A sample size planning approach that considers both statistical significance and clinical significance

Abstract

Background: The CONSORT statement requires clinical trials to report confidence intervals, which help to assess the precision and clinical importance of the treatment effect. Conventional sample size calculations for clinical trials, however, only consider issues of statistical significance (that is, significance level and power).

Method: A more consistent approach is proposed whereby sample size planning also incorporates information on clinical significance as indicated by the boundaries of the confidence limits of the treatment effect.

Results: The probabilities of declaring a "definitive-positive" or "definitive-negative" result (as defined by Guyatt et al., CMAJ 152(2):169-173, 1995) are controlled by calculating the sample size such that the lower confidence limit under H 1 and the upper confidence limit under H 0 are bounded by relevant cut-offs. Adjustments to the traditional sample size can be directly derived for the comparison of two normally distributed means in a test of nonequality, while simulations are used to estimate the sample size for evaluating the hazards ratio in a proportional-hazards model.

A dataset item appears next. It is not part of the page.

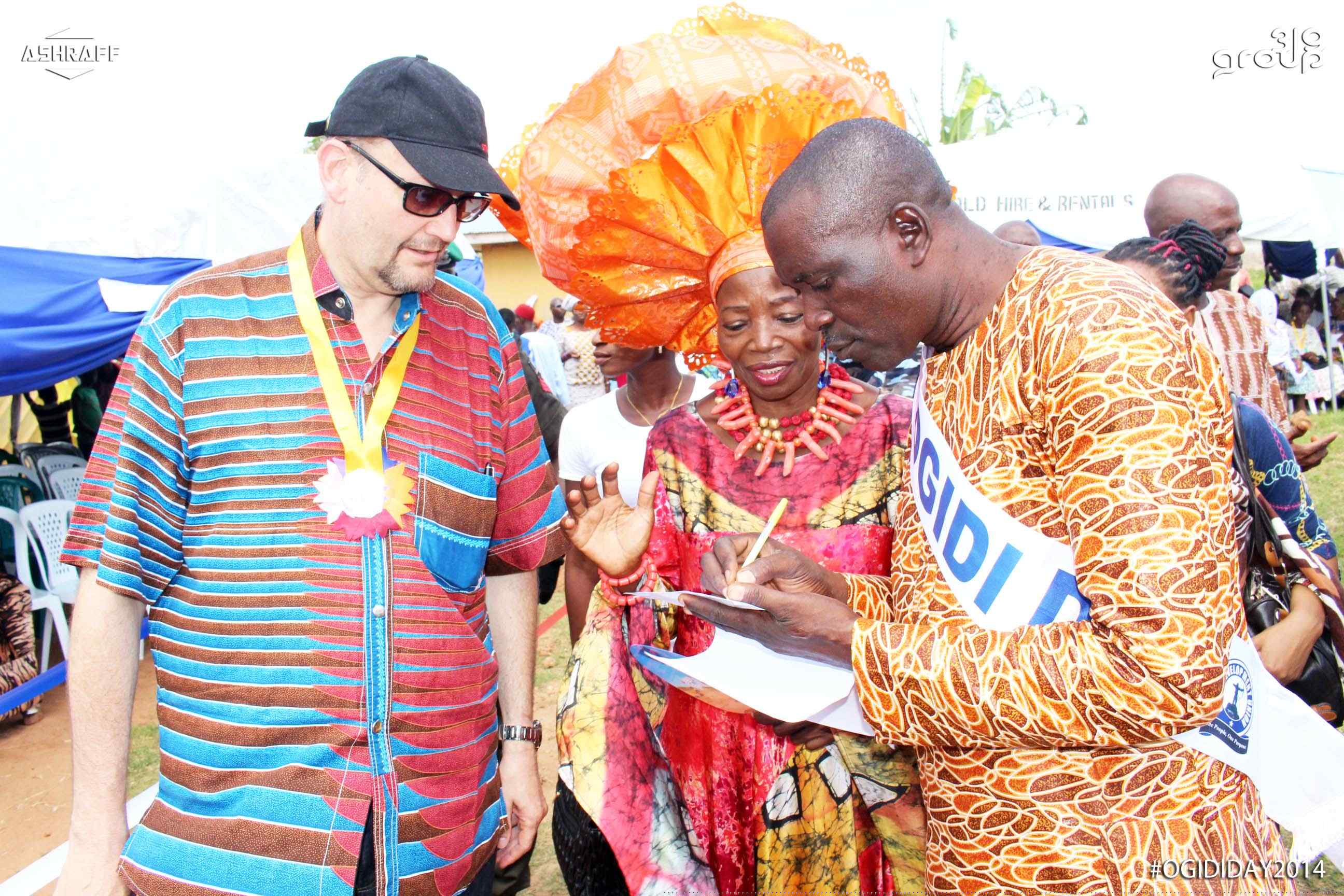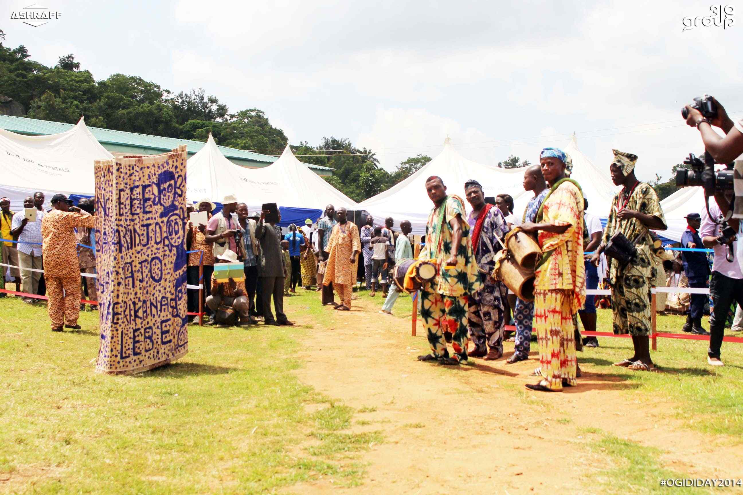 On Saturday which was the D day of the OGIDI Event was a really huge one it was graced by dignitaries around the world. The event which started by 10:00am with an opening prayed thereafter an opening performance by a cultural troupe. After the introduction of dignitaries, they had cultural displays to the OLOGIDI, HRH Oba (Alh.) Rabiu Oladimeji, The Ologidi of Ogidi by different amazing groups from the community and other communities. These presentations were truly awesome. Some of the displays were from the Olokoro and Olu-otun, men, women, farmers, hunters…. etc Also we had the masquerades who came out to grace the event, of which were “Agere masqurade, Olode, Agbo” cultural displays were also presented by the Ebira community, Nike Art Gallery Troupe, Egbe Gbarufu Ilare-ogidi group etc. The occation was graced by The Representatives of The Etsu of Nupe, Prof. Eyitayo Lambo (Fm r. Minister of Health) who was the Chairman of the occasion), HRH Oba (Dr.) Arc. Aderemi Adedapo (Alayemore of Ido-osun), Hon. Tajudeen Yusuf (Member House of Reps), Hon.Dino Melaye (Fmr. Mem. House of Reps), Mallam Mohammed Haruna (Fmr MD, NAN), Dr Abdulahi Muku (Dir. Gen. National Gallery of Art), Chief Mrs Nike Okundaye (Yeyeoba of Ogidiland, Nike Art Gallery, Lagos) who was the Mother of The Day was with His Excellency, Mr Michael Arion, the Ambassador and head of delegation of the European Union. Her daughter Sheyi, Chief Femi Ajisafe (General Manager, Research Planning & Environmet, National Inland Waterways Authority), Miss Simisola Banjo (Sisi Oge 2014) among others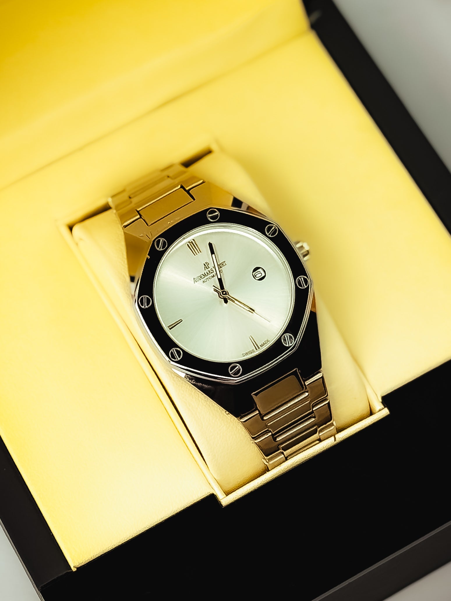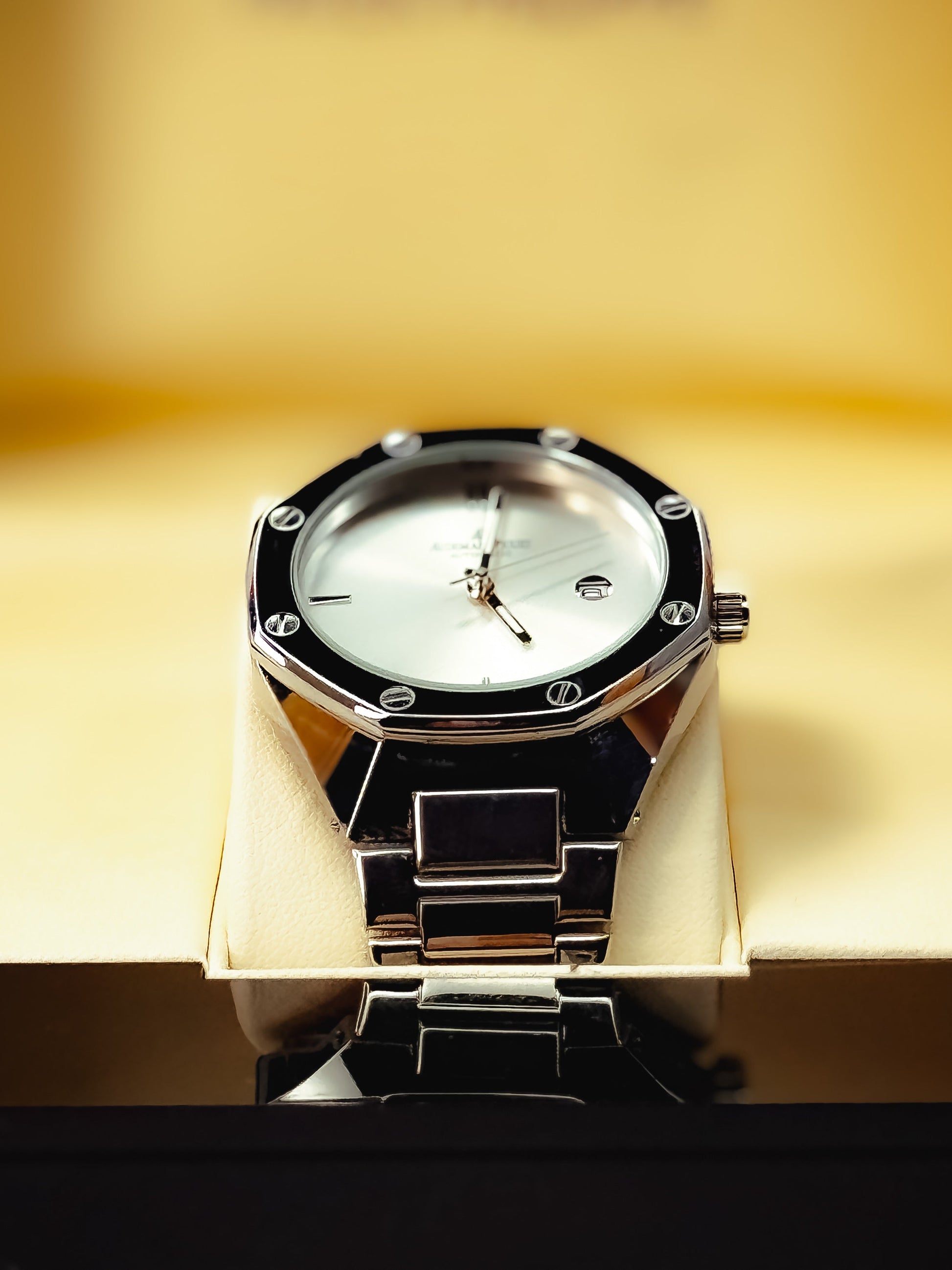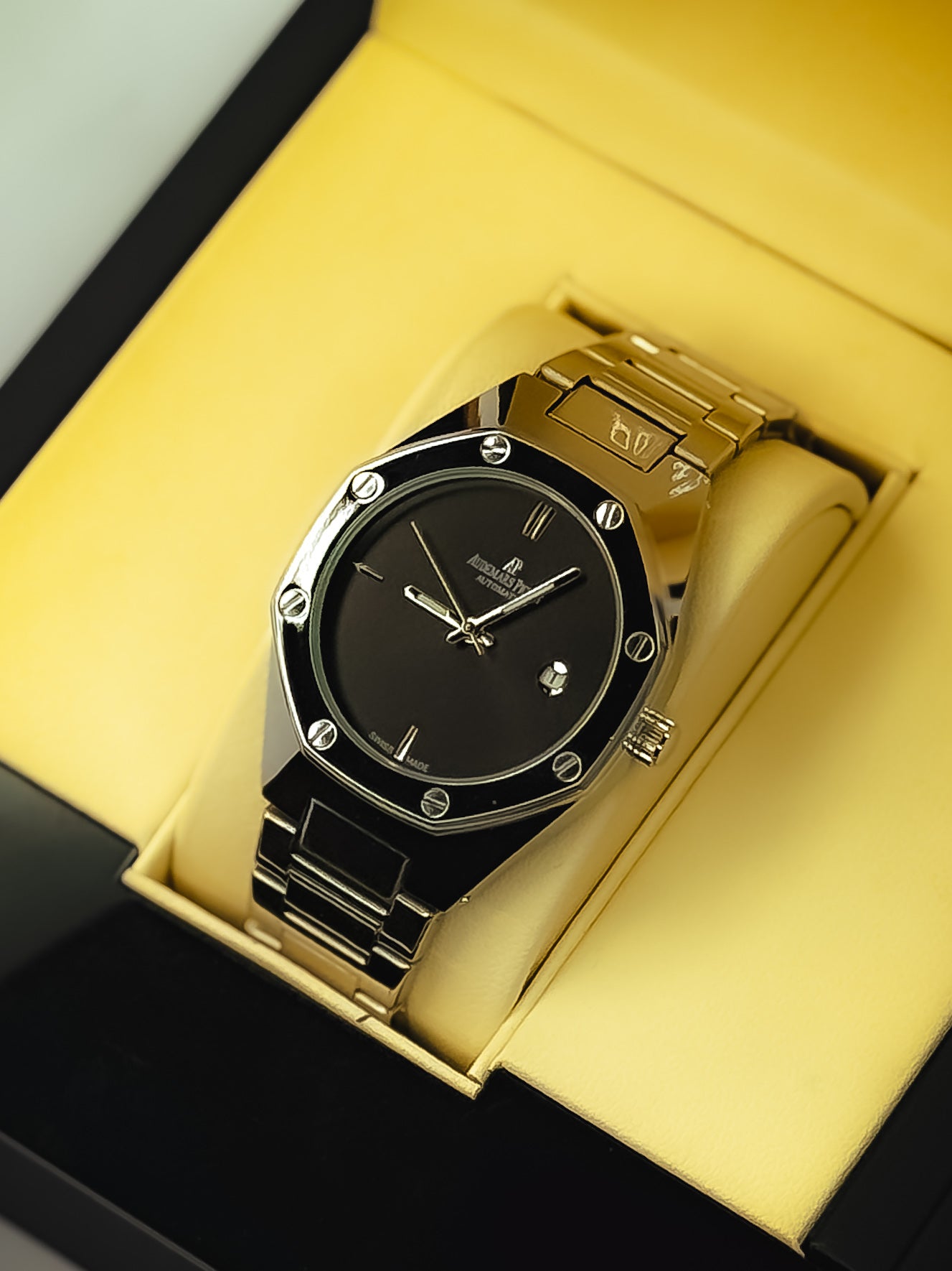 Introducing the AP Blaze Watch, where timeless craftsmanship meets modern fire. Designed for those who command attention, this premium timepiece features a sleek silver finish, bold bezel screws, and a luminous dial that blazes with confidence day or night.

Conclusions: This sample size planning approach allows for an assessment of the potential clinical importance and precision of the treatment effect in a clinical trial in addition to considerations of statistical power and type I error.

Figure 1

Plot of Pr(LCL > kδ | H ₁) (red curve) and Pr(UCL < kδ | H ₀) (blue curve) for k ∈ [0,1], α = 0.05, β = 0.80 in a comparison of normally distributed mean responses with known σ between treatment and control groups for a 1:1 randomized clinical trial.